Je pense que l’on est encore à l’aube du vélo électrique. Les choses bougent, doucement, car c’est un marché encore en pleine émergence, qui n’a pas la même maturité selon les pays… Mais on voit que les mœurs évoluent, avec la création de nombreuses catégories e-bike sur les événements en France par exemple.
Les fabricants travaillent de plus en plus sur les performances du couple batterie/moteur, ainsi que sur les options d’intégration.
La prochaine étape selon moi serais d’améliorer encore l’intégration du système, le rendre plus connecté avec l’utilisateur, et prendre du recul pour réfléchir au cycle d’usage du vélo en rendant sa production plus durable et respectueuse de l’environnement.
Sur quel(s) vélo(s) roules-tu ?
Je roule essentiellement sur un Canyon Spectral un peu « endurisé »… Mais j’aime bien varier les plaisirs, chaque vélo offre des sensations différentes.

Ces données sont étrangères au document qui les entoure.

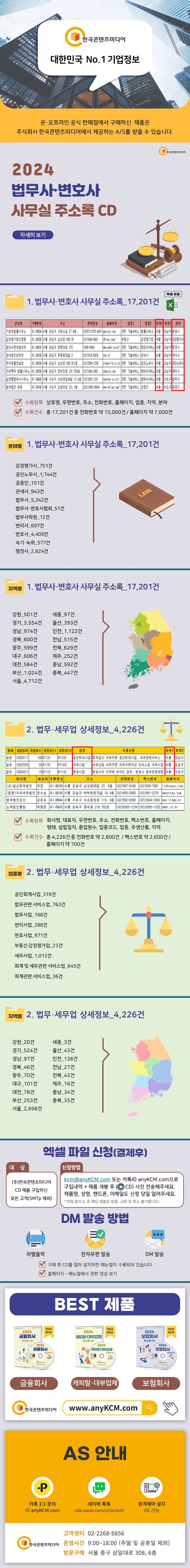 1.법무사·변호사사무실주소록_17,201건수록항목:상호명,우편번호,주소,전화번호,홈페이지,업종,지역,분야수록건수:총17,201건중전화번호약15,000건/홈페이지약7,000건●분야별①감정평가사_751건②공인노무사_1,744건③공증인_151건④관세사_943건⑤법무사_5,242건⑥법무사·변호사협회_51건⑦법무사학원_12건⑧변리사_697건⑨변호사_4,409건⑩속기·녹취_577건⑪행정사_2,624건●지역별①강원_501건②경기_3,554건③경남_974건④경북_600건⑤광주_599건⑥대구_606건⑦대전_584건⑧부산_1,024건⑨서울_4,712건⑩세종_97건⑪울산_393건⑫인천_1,122건⑬전남_515건⑭전북_629건⑮제주_252건⑯충남_592건⑰충북_447건2.법무·세무업상세정보_4,226건수록항목:회사명,대표자,우편번호,주소,전화번호,팩스번호,홈페이지,형태,설립일자,종업원수,업종코드,업종,주생산품,지역수록건수:총4,226건중전화번호약2,800건/팩스번호약2,600건/홈페이지약700건●업종별①공인회계사업_319건②법무관련서비스업_763건③법무사업_168건④변리사업_288건⑤변호사업_971건⑥부동산감정평가업_23건⑦세무사업_1,013건⑧회계및세무관련서비스업_645건⑨회계관련서비스업_36건●지역별①강원_20건②경기_524건③경남_97건④경북_46건⑤광주_70건⑥대구_101건⑦대전_78건⑧부산_253건⑨서울_2,698건⑩세종_3건⑪울산_43건⑫인천_138건⑬전남_27건⑭전북_43건⑮제주_16건⑯충남_34건⑰충북_35건

J’ai également un bike de XC, Scott Scale 899 (quand je vais faire un tour en montagne sur mon 26 pouces rigide, je me rend compte à quel point l’industrie du vélo évolue dans le bon sens), ainsi qu’un vieux Scott de route et un fixie Peugeot…et quelques autres projets en tête… Mais j’ai du mal à me séparer de mes anciens vélos.
Pour conclure : veux-tu dire quelque chose aux lecteurs de Vélo et Design ?
Go big or go home !
Il skie l’hiver, il roule l’été et entretemps conçoit différents projets industriels, dont des vélos… ça fait rêver !
Au travers de son témoignage, on comprend les difficultés liées à la conception d’un cadre de VTT (notamment suspendu) où le designer semble n’avoir qu’une toute petite place derrière la technique. Pourtant, design et ingénierie sont bien liés et travaillent de concert pour obtenir un vélo performant et correspondant aux gènes de la marque. Une approche différente de Roxanne Lo, qu’il s’agisse de VTT ou d’autres produits.